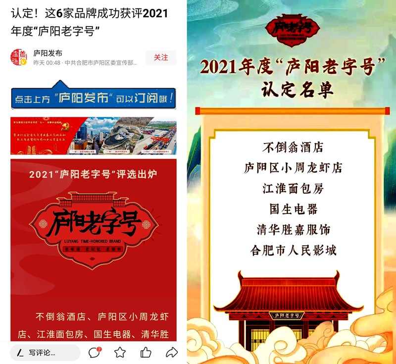 評選活動開啟以來,受到社會各界廣泛關(guān)注,經(jīng)過專家評審、社會公示,最終,國生電器、合肥市人民影城等6個品牌成功獲評2021年度“廬陽老字號”。至此,“廬陽老字號”大家庭成員擴充至28個。
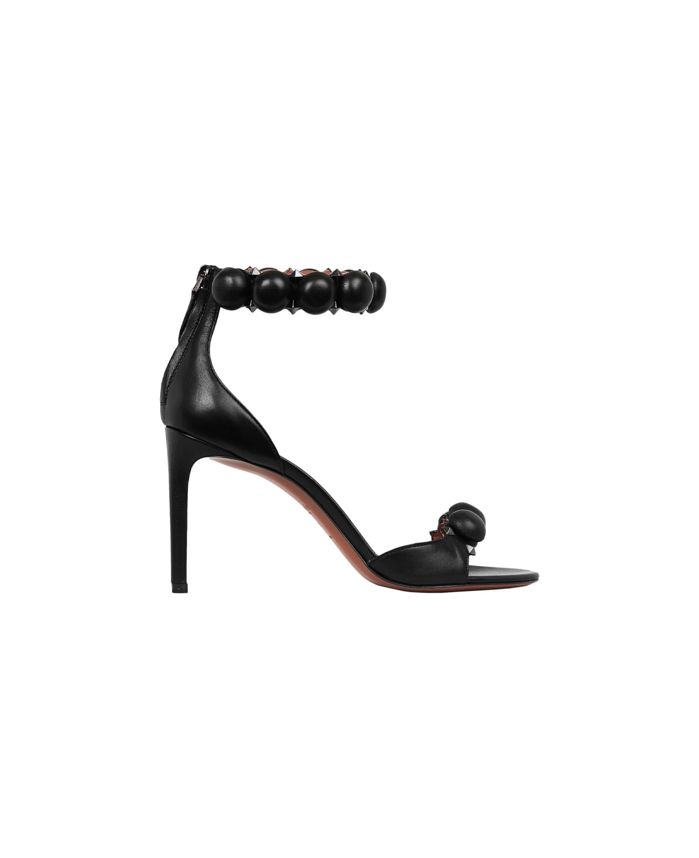 Black Bombe sandal by Alaia made of leather and finished with ankle bracelet, slightly padded insole, zip closure on the back and spherical and pyramidal studs applied by hand.
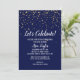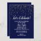 Invitación Celebremos el Confetti de oro en Fiesta azul de la

_TASK REQUIREMENTS_
Retype each line above exactly. Leave the images out.

_RESULT OF THE EXERCISE_
 評選活動開啟以來,受到社會各界廣泛關(guān)注,經(jīng)過專家評審、社會公示,最終,國生電器、合肥市人民影城等6個品牌成功獲評2021年度“廬陽老字號”。至此,“廬陽老字號”大家庭成員擴充至28個。
 Black Bombe sandal by Alaia made of leather and finished with ankle bracelet, slightly padded insole, zip closure on the back and spherical and pyramidal studs applied by hand.
 Invitación Celebremos el Confetti de oro en Fiesta azul de la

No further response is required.